By Salvatore Salamone
April 7, 2002 | An open source, distributed data exchange technology called the Distributed Annotation System is gaining popularity among genomic researchers.
“DAS is the Napster of genomics research,” says Manuel Glynias, senior vice president of strategic planning at LION bioscience AG. “We’re collecting more and more data, and it’s harder to get information out of it. It’s harder to hook everything together,” Glynias said during a presentation at the recent Scientific American BioSilico 2002 .
That’s where DAS comes in, allowing a single computer to gather information from multiple, geographically dispersed annotation databases, collate the information, and display it to the researcher in a single, integrated view, says Lincoln Stein, co-writer of the DAS specification and a researcher at the Cold Spring Harbor Laboratory in New York.
DAS was developed by Stein and fellow genomic researchers Robin Dowell and Sean Eddy about 2 to 3 years ago. Like most open source software, multiple developers add enhancements to DAS all the time. Currently, developers share information about DAS through the group biodas.org.
DAS’ usefulness and popularity are driven by the growth in genomics research, which generates untold amounts of data.

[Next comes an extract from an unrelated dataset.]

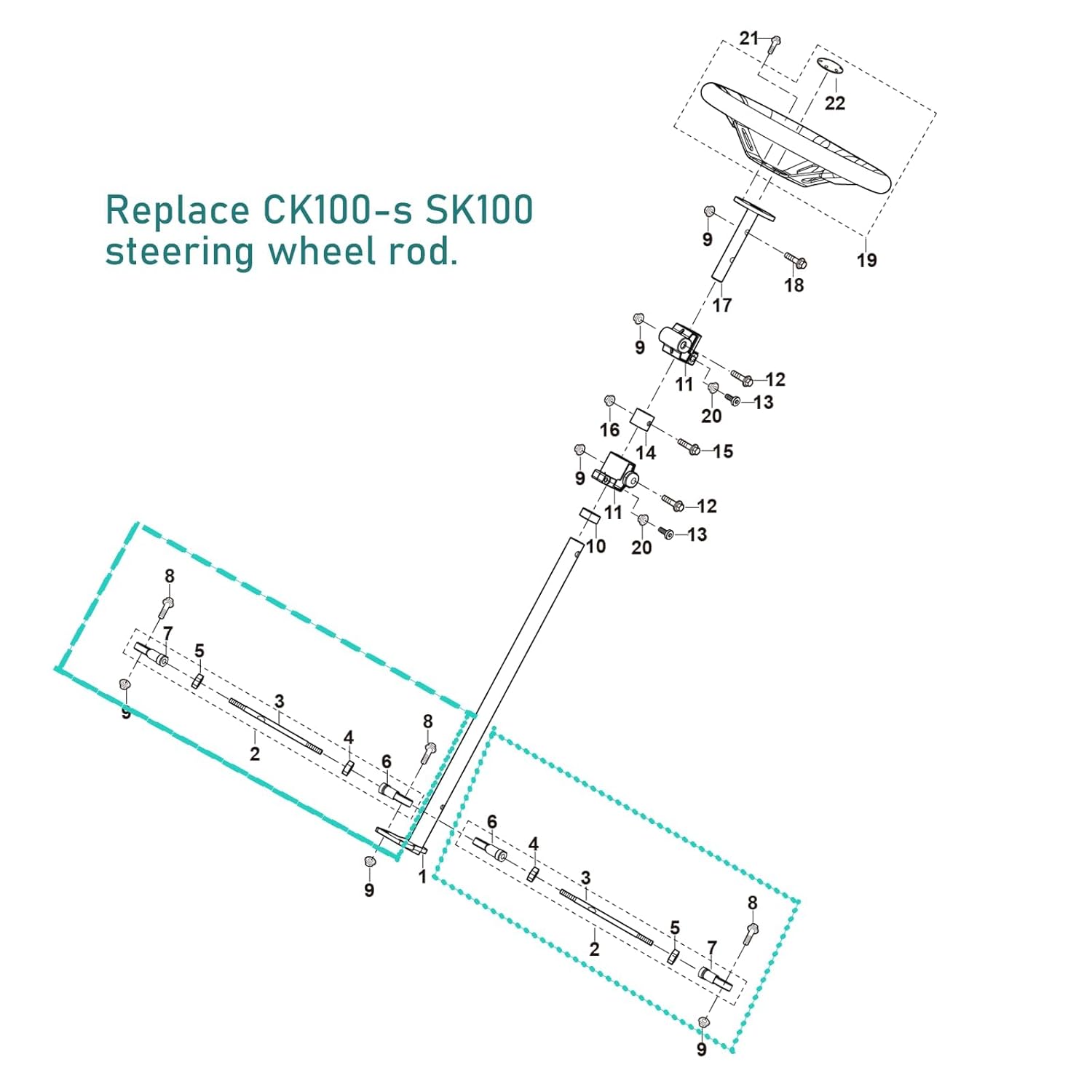 Para instalar o QYMOTO Coleman CK100-S SK100 Steering Wheel Rod, comece desconectando a bateria do go-kart para evitar qualquer risco elétrico. Em seguida, remova o antigo braço de direção, soltando as juntas esféricas com uma chave apropriada. Instale o novo braço de direção, conectando as juntas Heim nas extremidades do eixo de direção. Certifique-se de apertar os parafusos adequadamente para garantir uma fixação segura. Após a instalação, reconecte a bateria e teste a direção do go-kart em um ambiente seguro antes de utilizá-lo em pista.

Researchers exploring a particular gene make annotations about the structure of the gene and how that gene might interact with other structures. For large scale projects, much of the work is distributed among many labs. That was the case with the Human Genome Project, but it also happens in large research organizations as well.
The information generated by researchers is stored in a handful of centralized databases, all of which use different formats for their data.
There are two problems with this approach. First, large centralized databases sometimes do not scale well, placing a burden on administrators’ databases charged with archiving and storing the annotation information.
Second, much of the information researchers note in their work can go undiscovered because of the volume of data and because there is no easy way for others to search and retrieve the annotations. “It’s harder to see the forest because the trees are growing at some outrageous rate,” says Glynias.
DAS overcomes these problems by using a distributed architecture, one that allows for the search and retrieve of annotation information.
To illustrate the complexity researchers face, Stein cites the example of weekly submissions of sequences to GenBank/European Molecular Biology Laboratory (EMBL). Typically, a researcher would have to write a script to get the relevant data from one Web site, write another script to parse the data into an appropriate format, and then write a third script to input the data into a private database.
In this process, researchers all write different scripts and none of them work together. This overall process is causing many to look to open source data exchange solutions, of which DAS is just one of many.
Today, DAS servers are operating to support some large-scale public genomics research projects at Ensembl; The Institute for Genomic Research; University of California at Santa Cruz; WormBase; and FlyBase.
But DAS is also gaining support within corporations. “You will see DAS servers being deployed in companies,” says Glynias. He notes it helps with the data exchange process and it lets the annotation be done by the people who know what they are doing, instead of a third party entering the annotations.